The squadron was activated in 1942 as the 303rd Bombardment Squadron (Light) at Savannah Air Base, Georgia, and equipped with Douglas A-24 Banshee dive bombers as one of the original squadrons of the 84th Bombardment Group. It received its initial cadre and equipment from the 3d Bombardment Group. It operated briefly with Vultee V-72 (A-31 Vengeance) aircraft, but its operations showed this aircraft was unsuitable for dive bombing. The squadron served as an Operational Training Unit (OTU), equipping with A-24 Banshees and Bell P-39 Airacobras.

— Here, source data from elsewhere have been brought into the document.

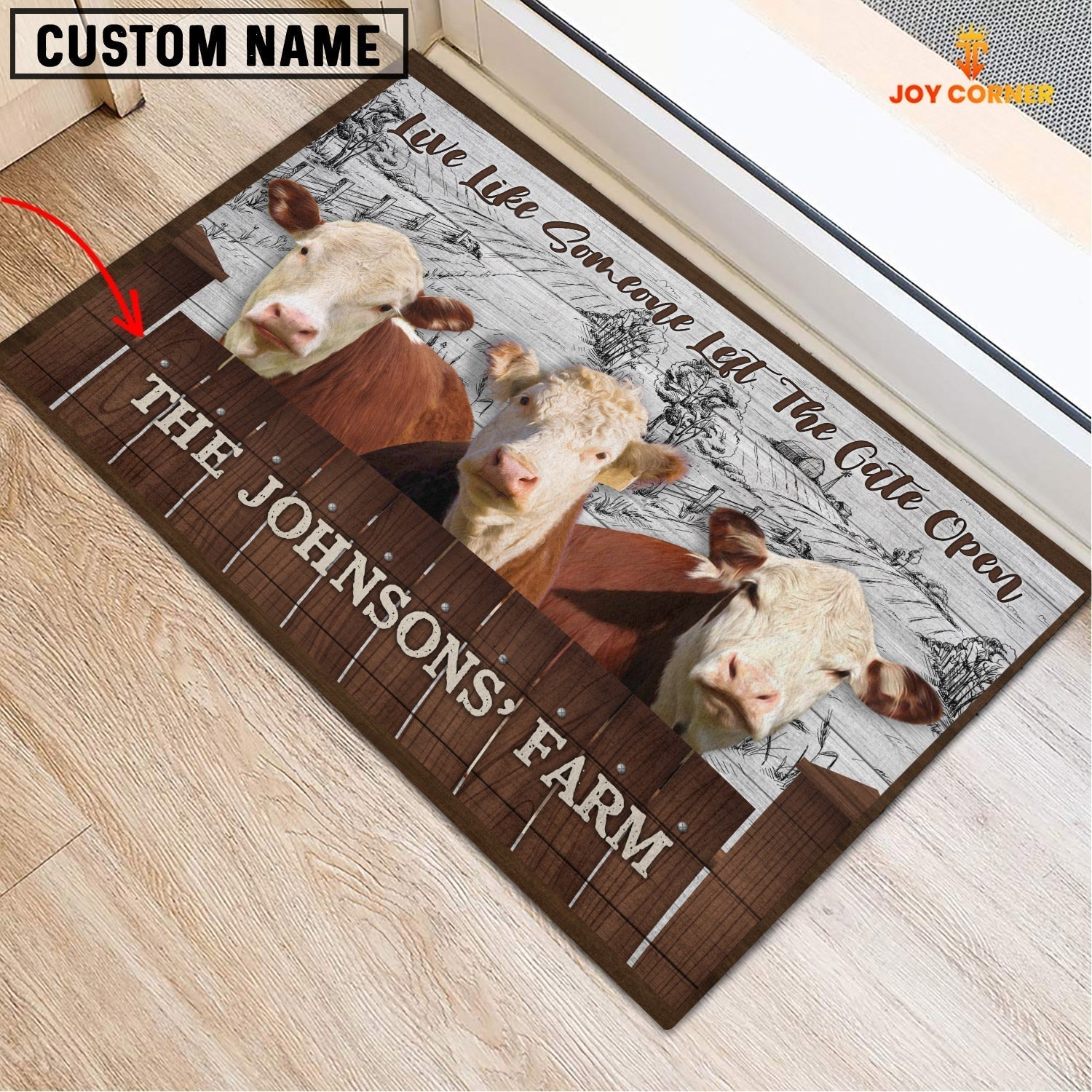 Uni Hereford Custom Name - Live Like Someone Left The Gate Open Doormat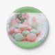 Mint green and pink macaroons on party paper plates perfect for spring and summer get togethers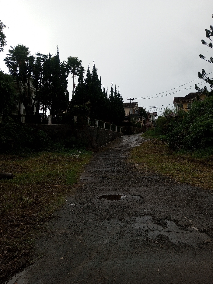 A narrow, dark paved path winds uphill, lined by greenery and trees. Buildings are visible in the distance, partially obscured by the vegetation. The sky is overcast, contributing to the somber mood. The path surface is weathered with puddles, suggesting recent rain. A low stone wall borders the path on the left, adding depth to the perspective. The overall scene evokes a sense of quiet isolation.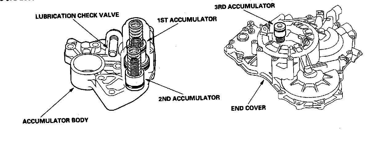 The accumulator body is on the torque converter housing, next to the main valve body. It contains the 1st and 2nd accumulators and the lubrication check valve.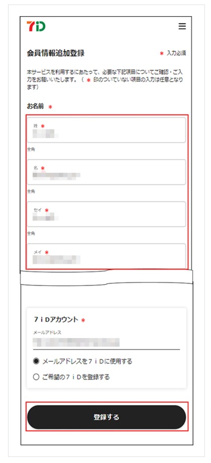 「会員情報追加登録」画面が表示される場合、お客様情報の追加登録・確認後「登録する」を押下します。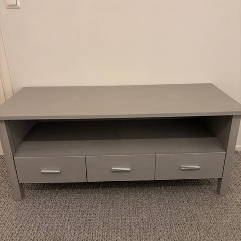 TV-taso, jossa musta taso ja vaaleat puuovet. Tason leveys on noin 120 cm. Sisältää kaksi ovellista kaappia sekä avohyllyn keskellä. Materiaali puu ja laminaatti. Sopii olohuoneeseen televisiovälineiden säilytykseen.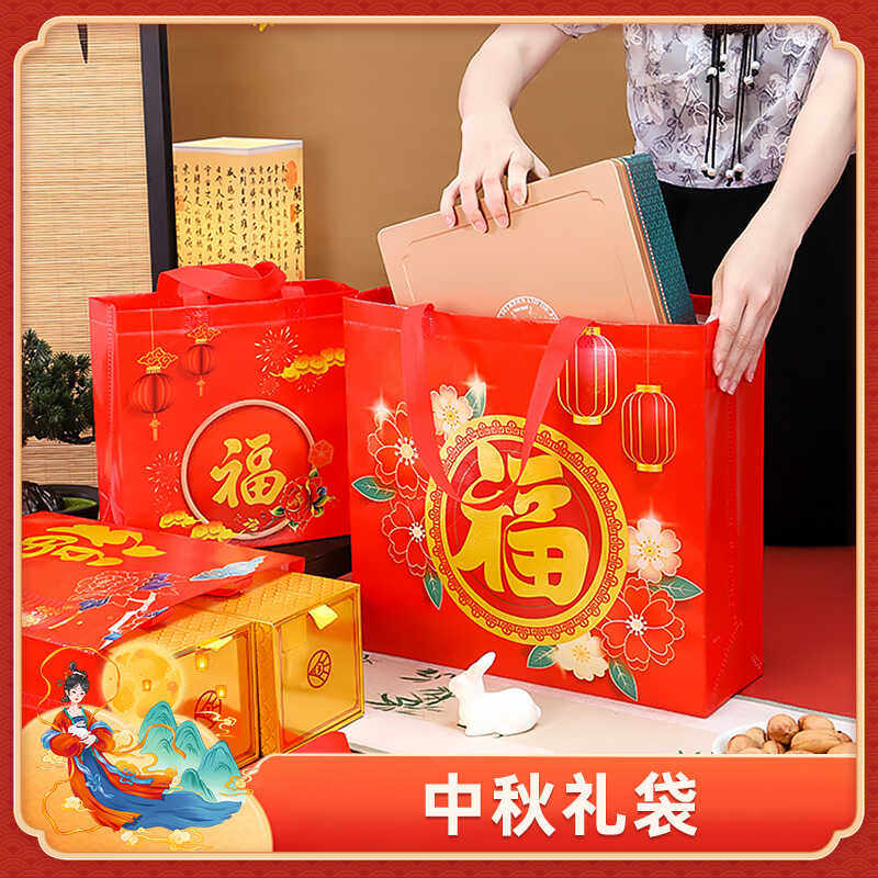 📚 国庆gd新年福礼盒包装袋手提袋装月饼坚果水果零食烟酒送礼袋子

The OTU program involved the use of an oversized parent unit to provide cadres to “satellite groups " The OTU program was patterned after the unit training system of the Royal Air Force. After forming the satellite groups, the parent unit assumed responsibility for satellite training and oversaw its expansion with graduates of Army Air Forces Training Command schools to become effective combat units. Phase I training concentrated on individual training in crewmember specialties. Phase II training emphasized the coordination for the crew to act as a team. The final phase concentrated on operation as a unit. The squadron contributed to the 84th Group's role as the parent for elements of several light bombardment groups. (Note: These units were the 85th, 311th, 312th, 319th, 405th and 407th Bombardment Groups.)

In August 1943, the squadron was redesignated the 498th Fighter-Bomber Squadron as were other Army Air Forces (AAF) single engine bombardment units, and was re-equipped with Republic P-47 Thunderbolts. It continued to serve as an OTU until October 1943. During the fall of 1943, operations dwindled and by the end of September 1943 only five aircraft were assigned to the entire 84th Group.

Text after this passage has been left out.